Data for review —
---------------

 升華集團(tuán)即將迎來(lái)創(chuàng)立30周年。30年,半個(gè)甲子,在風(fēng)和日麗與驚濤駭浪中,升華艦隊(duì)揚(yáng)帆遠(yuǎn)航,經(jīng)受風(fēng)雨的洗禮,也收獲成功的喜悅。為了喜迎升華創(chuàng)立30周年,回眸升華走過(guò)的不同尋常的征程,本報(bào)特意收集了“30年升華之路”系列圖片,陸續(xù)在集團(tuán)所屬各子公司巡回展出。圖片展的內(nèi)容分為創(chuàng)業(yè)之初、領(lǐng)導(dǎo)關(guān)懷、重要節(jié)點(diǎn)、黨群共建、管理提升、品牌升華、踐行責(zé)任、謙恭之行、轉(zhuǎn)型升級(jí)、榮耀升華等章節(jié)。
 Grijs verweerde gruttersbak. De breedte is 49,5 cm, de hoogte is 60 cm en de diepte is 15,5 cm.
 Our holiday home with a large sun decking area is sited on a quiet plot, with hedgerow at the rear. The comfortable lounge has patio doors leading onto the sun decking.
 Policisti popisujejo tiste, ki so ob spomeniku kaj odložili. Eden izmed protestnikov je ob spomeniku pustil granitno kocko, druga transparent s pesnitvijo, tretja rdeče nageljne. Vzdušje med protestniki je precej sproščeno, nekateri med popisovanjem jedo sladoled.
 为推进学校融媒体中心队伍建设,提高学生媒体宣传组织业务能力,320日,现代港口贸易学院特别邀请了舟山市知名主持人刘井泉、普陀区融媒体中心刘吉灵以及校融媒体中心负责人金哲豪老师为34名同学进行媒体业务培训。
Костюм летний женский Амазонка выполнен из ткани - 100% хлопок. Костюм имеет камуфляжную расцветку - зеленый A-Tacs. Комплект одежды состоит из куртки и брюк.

---------------

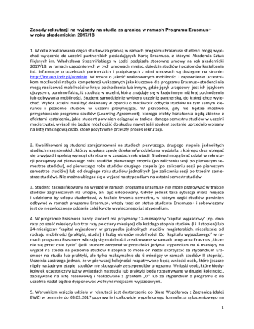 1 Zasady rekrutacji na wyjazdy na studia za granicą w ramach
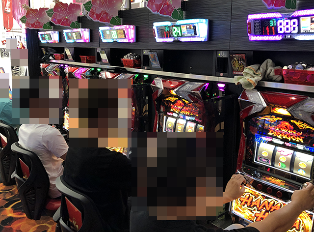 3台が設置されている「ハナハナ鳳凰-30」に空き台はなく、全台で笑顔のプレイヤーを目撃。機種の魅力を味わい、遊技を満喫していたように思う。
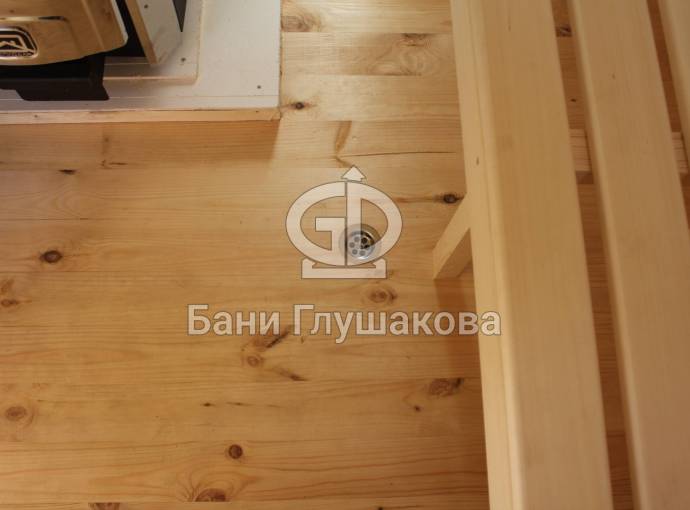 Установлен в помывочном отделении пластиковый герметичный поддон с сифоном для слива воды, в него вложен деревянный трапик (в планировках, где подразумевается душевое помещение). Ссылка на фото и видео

---------------

Task brief —
Would you please repeat only the lines above, beginning at the one that has "1 Zasady rekrutacji" and stopping after the one that has "Установлен в помывочном", exactly and with no pictures?

Written answer —
 1 Zasady rekrutacji na wyjazdy na studia za granicą w ramach
 3台が設置されている「ハナハナ鳳凰-30」に空き台はなく、全台で笑顔のプレイヤーを目撃。機種の魅力を味わい、遊技を満喫していたように思う。
 Установлен в помывочном отделении пластиковый герметичный поддон с сифоном для слива воды, в него вложен деревянный трапик (в планировках, где подразумевается душевое помещение). Ссылка на фото и видео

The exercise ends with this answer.